Gelächter und Tränen, Momente innerer Ruhe wechseln sich mit höchsten Stressleveln ab – und Emotionen, Emotionen, Emotionen… Oh ja, ein Hochzeitstag ist all das. Hochzeitserinnerungen bleiben für immer und jedes Mädchen verdient es, dass ihr Traum wahr wird. Unsere heutige #Heroine_of_the_week, Angelina von GypsyGal Weddings, bleibt ruhig und behält die Kontrolle, wo Bräute überfordert und gestresst werden. Angelina ist eine kreative Powerfrau. Sie schafft es, authentische Erlebnisse mit Wow-Effekt zu kreieren und dabei glückliche Paare zu entlasten. Außerdem schreibt sie auch einen tollen Blog über ihre Reise in die Selbständigkeit. Hier kommen unsere Fragen und ihre Antworten darauf:

Wie sieht ein typischer Tag bei Dir aus?

Ich wache gegen 6 Uhr mit einer weichen Pfote im Gesicht auf – der meiner kleinen Katze, die mir so zeigt, dass sie hungrig ist. Allein das ist schon eine schöne Art, den Tag zu beginnen. Aber es wird noch besser, wenn ich an all die interessanten Aufgaben denke, die an diesem Tag vor mir liegen. Also stehe ich gleich auf und setze mich an den Schreibtisch um mir dort den Kopf über wunderschönen Hochzeitskram zu zerbrechen. Ich telefoniere mit oder treffe verschiedene Dienstleister, damit ich auch tatsächlich den besten Preis dafür heraus handeln kann. Und gelegentlich darf ich mit schönen DIY-Projekten sogar selbst Hand anlegen.

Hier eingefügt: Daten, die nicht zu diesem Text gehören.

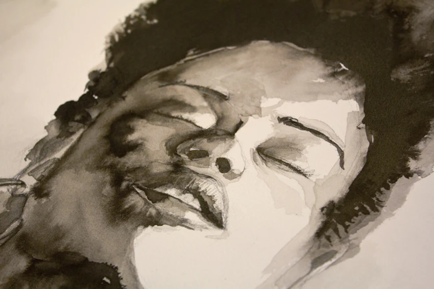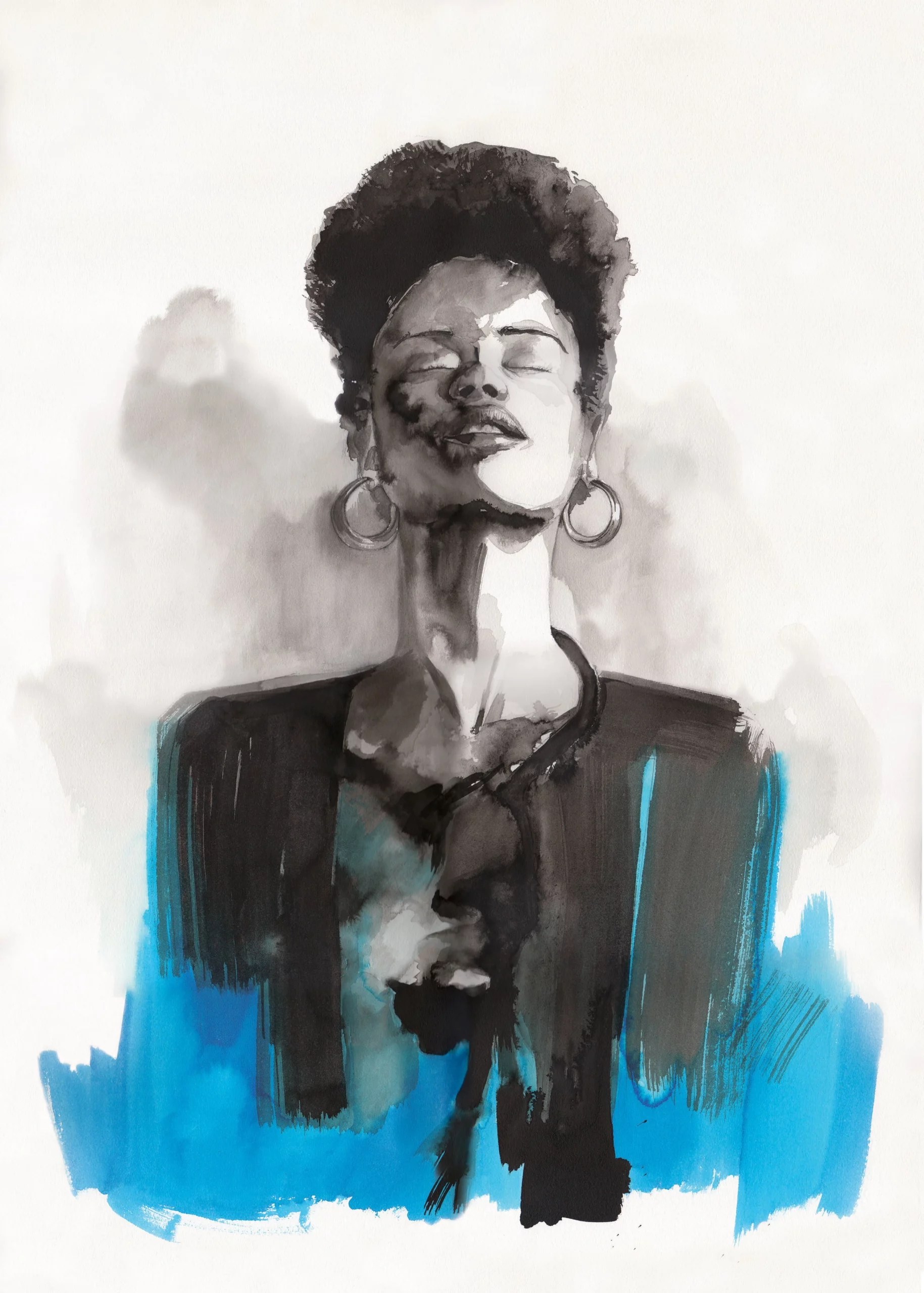 Lámina pintada en tinta china. La serie Black nos habla de doce espíritus felinos que se manifiestan en forma de mujer dando voz a la belleza negra.

Was gefällt dir am besten an der Hochzeitsbranche?

Da unterscheide ich mich wohl nicht großartig von vielen anderen Selbständigen. Die größte Freude daran, Menschen einen der schönsten Tage ihres Lebens zu bereiten, habe ich mitunter hieran: Ich darf das tun, worin ich gut bin und was mir wirklich großen Spaß macht – und kann so auch noch anderen helfen. Wenn man ein Ästhet (und Gott bewahre auch noch eine Frau im gebährfähigen Alter) ist wie ich, ist das etwas, das nicht immer ganz einfach zu erreichen ist. In meinem Job darf ich mir jetzt schöne Worte für freie Trauungen einfallen lassen oder über Farbschemata, Tischdekorationen oder Hochzeitsbögen, die nicht den Geldbeutel sprengen, nachdenken.

Welche Herausforderungen halten Dich nachts wach?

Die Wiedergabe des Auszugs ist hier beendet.